Recorded data:

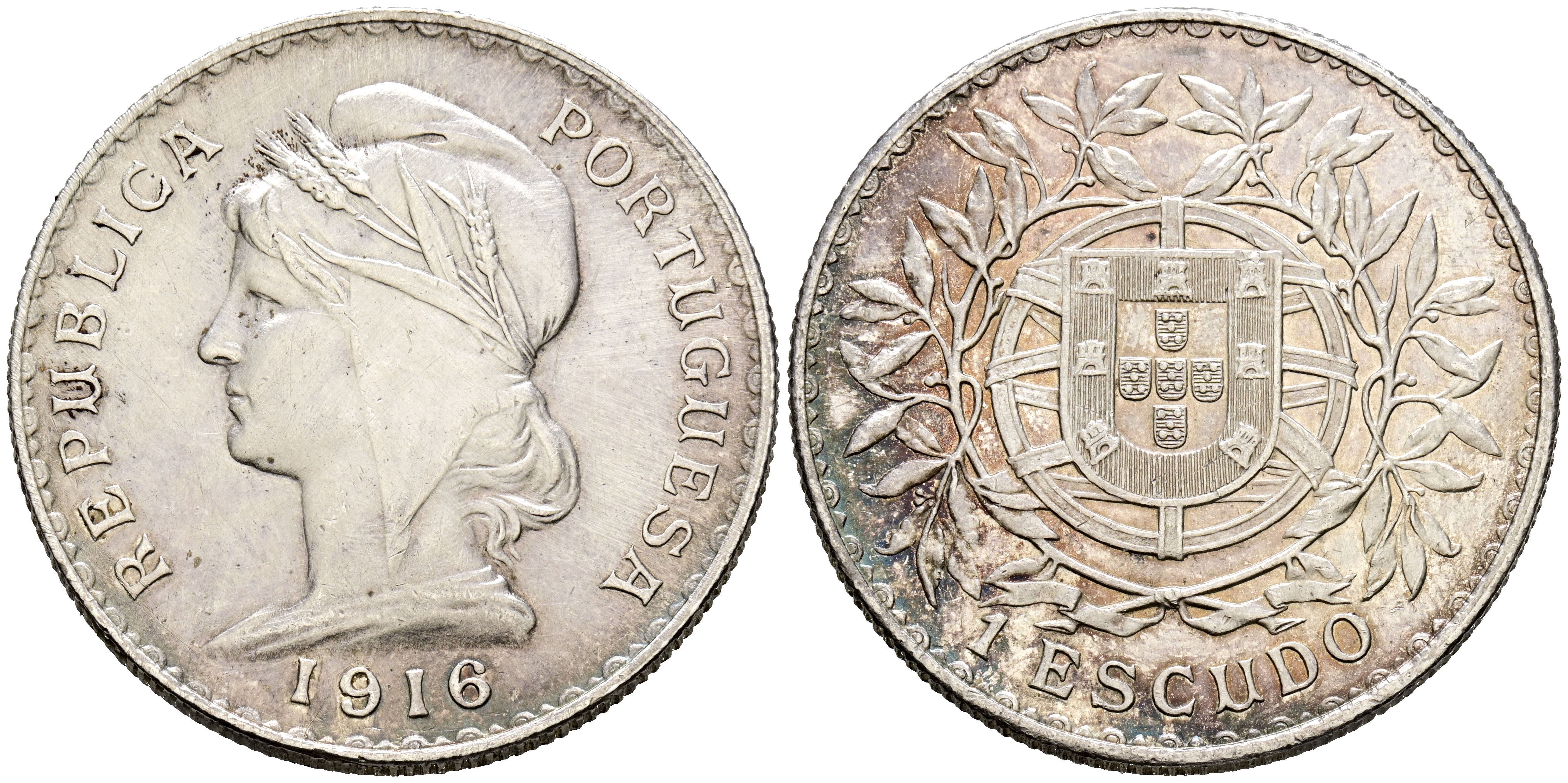 PORTUGAL. 1 Escudo. (Ar. 25,08g/37mm). 1916. (Gomes 23.02). MBC+. Rayitas de limpieza.
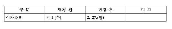 3. 1 (수) 삼일절로 인하여 다음과 같이 목욕서비스 날짜를 변경하고자 합니다.
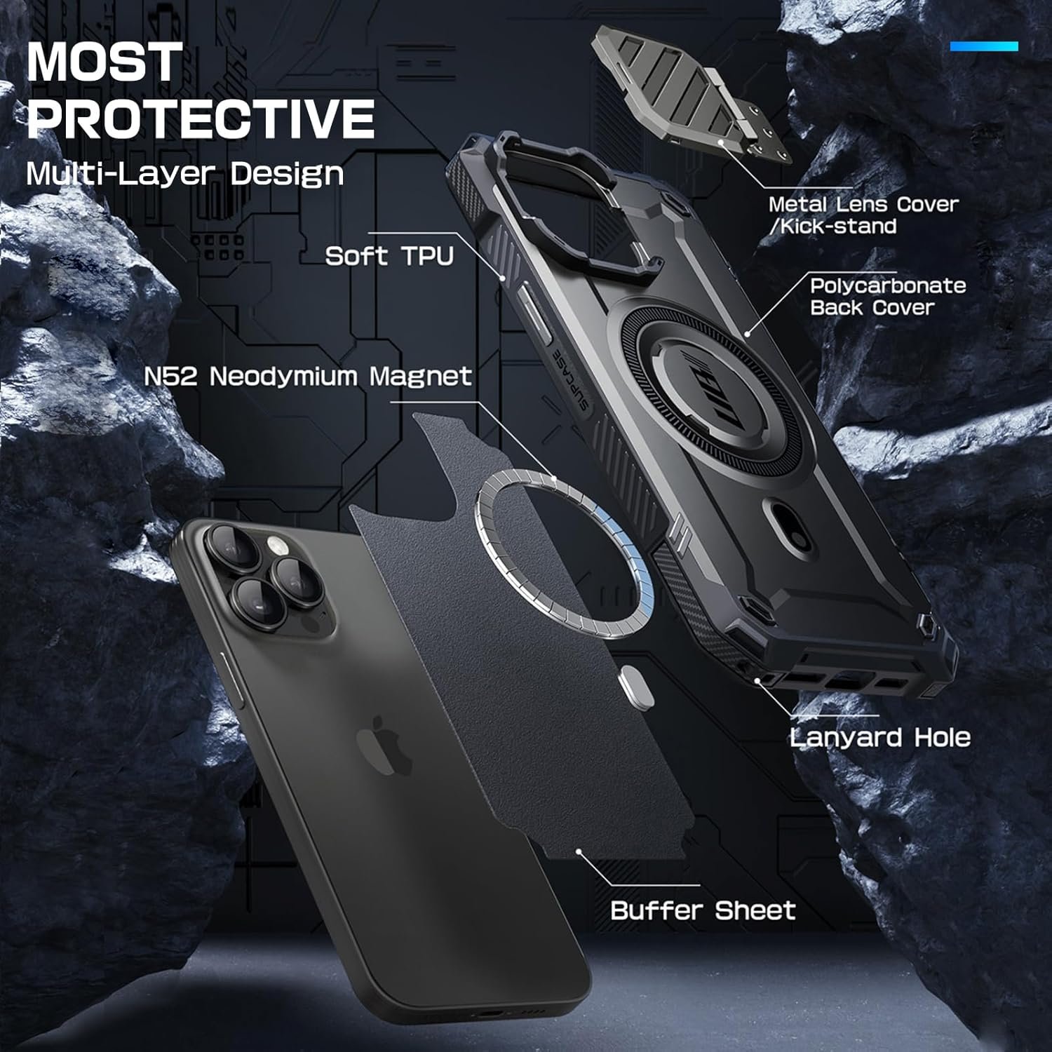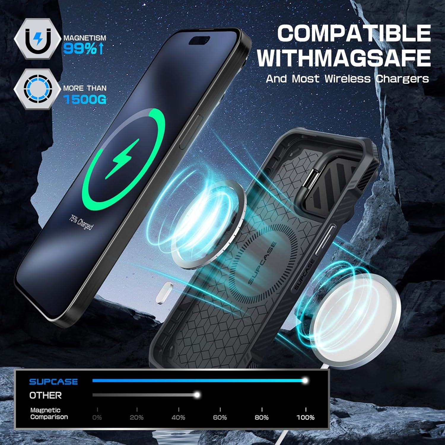 Η ανθεκτική MagSafe θήκη Unicorn Beetle XT Mag από την Supcase, είναι ειδικά σχεδιασμένη για το iPhone 15 Pro Max. Έχει κατασκευαστεί από ένα συνδυασμό μαλακού TPU και πολυκαρβονικού πλαστικού PC, για να είναι εξαιρετικά ανθεκτική σε σκόνες, πτώσεις και χτυπήματα.
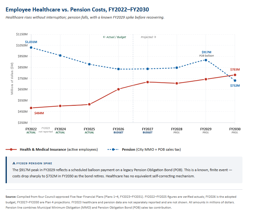 The contrast with pension costs is instructive. Pension obligations have actually fallen — from $1.031 billion in FY2022 to $838 million in FY2027 — reflecting the cumulative effect of a disciplined, multi-decade contribution strategy. A scheduled balloon payment on a legacy Pension Obligation Bond pushes costs to $917 million in FY2029 before dropping sharply to $732 million in FY2030 as the bond retires. That interruption is finite, visible, and already accounted for in the plan. Healthcare has no equivalent mechanism. There is no scheduled improvement, no actuarial trajectory toward resolution, and no containment plan described anywhere in the four Five-Year Financial Plans reviewed.[1]
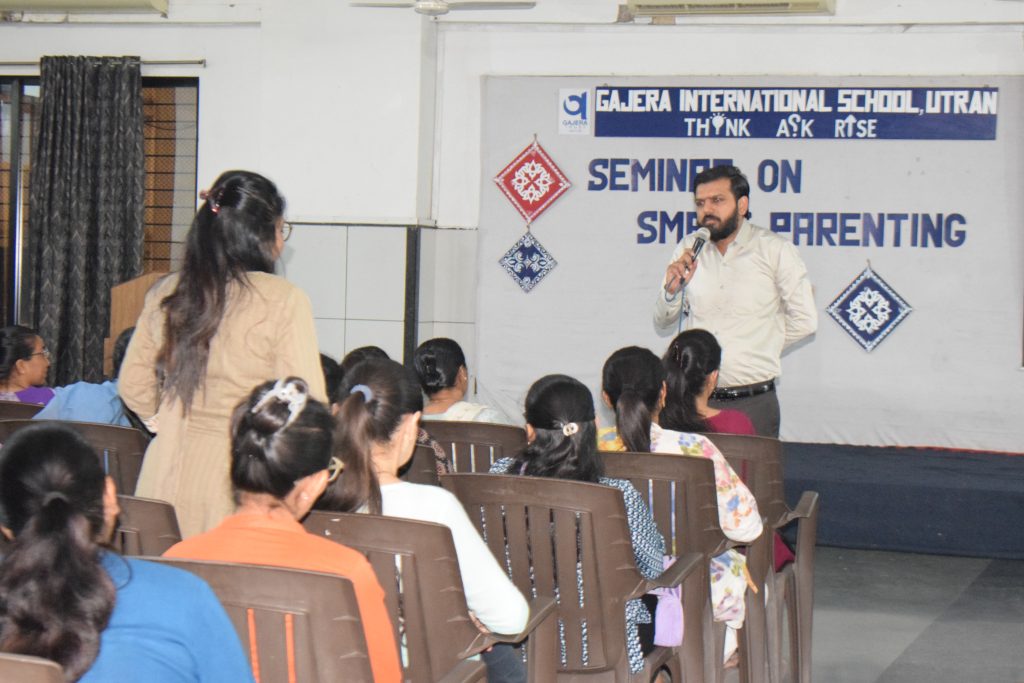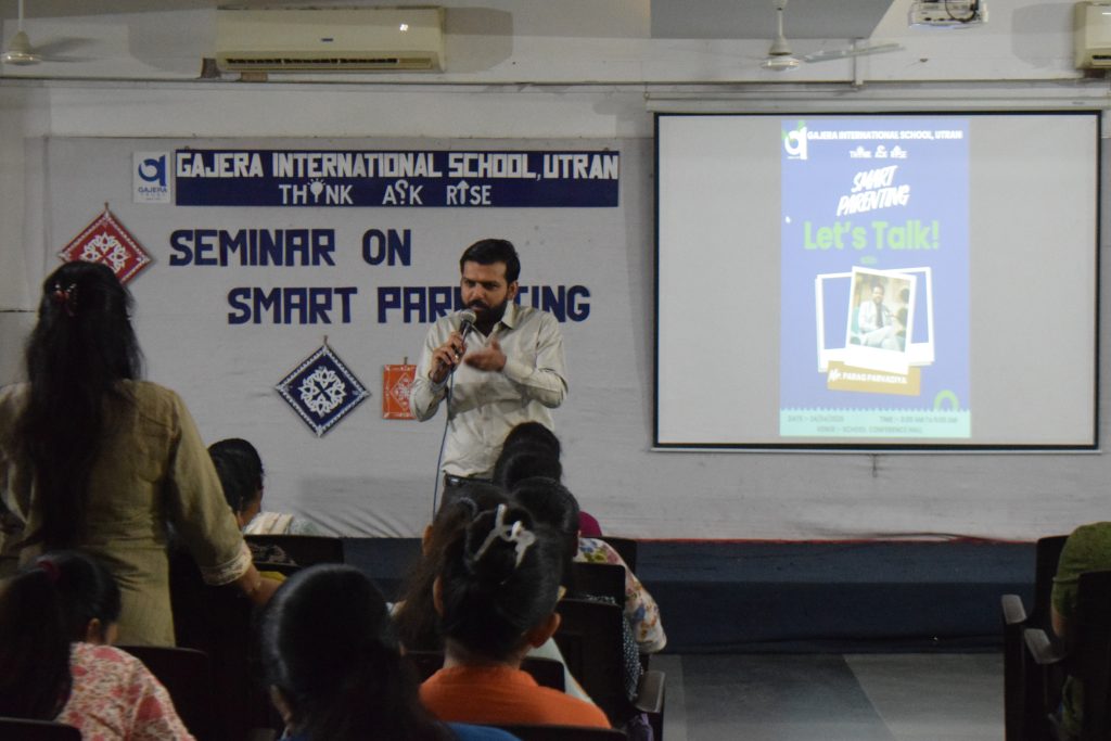 Gajera International School, Utran recently organized an insightful session on Smart Parenting for the parents of Grades 1 to 5. The session aimed to strengthen the bond between parents and children while equipping parents with practical strategies to navigate the challenges of modern-day parenting.

▶ [INSTRUCTIONS TO FOLLOW]:
Repeat exactly the lines from the first line of the records above through the line containing "The contrast with", both included. Leave out the pictures.

▶ [EXERCISE SOLUTION]:
 PORTUGAL. 1 Escudo. (Ar. 25,08g/37mm). 1916. (Gomes 23.02). MBC+. Rayitas de limpieza.
 3. 1 (수) 삼일절로 인하여 다음과 같이 목욕서비스 날짜를 변경하고자 합니다.
 Η ανθεκτική MagSafe θήκη Unicorn Beetle XT Mag από την Supcase, είναι ειδικά σχεδιασμένη για το iPhone 15 Pro Max. Έχει κατασκευαστεί από ένα συνδυασμό μαλακού TPU και πολυκαρβονικού πλαστικού PC, για να είναι εξαιρετικά ανθεκτική σε σκόνες, πτώσεις και χτυπήματα.
 The contrast with pension costs is instructive. Pension obligations have actually fallen — from $1.031 billion in FY2022 to $838 million in FY2027 — reflecting the cumulative effect of a disciplined, multi-decade contribution strategy. A scheduled balloon payment on a legacy Pension Obligation Bond pushes costs to $917 million in FY2029 before dropping sharply to $732 million in FY2030 as the bond retires. That interruption is finite, visible, and already accounted for in the plan. Healthcare has no equivalent mechanism. There is no scheduled improvement, no actuarial trajectory toward resolution, and no containment plan described anywhere in the four Five-Year Financial Plans reviewed.[1]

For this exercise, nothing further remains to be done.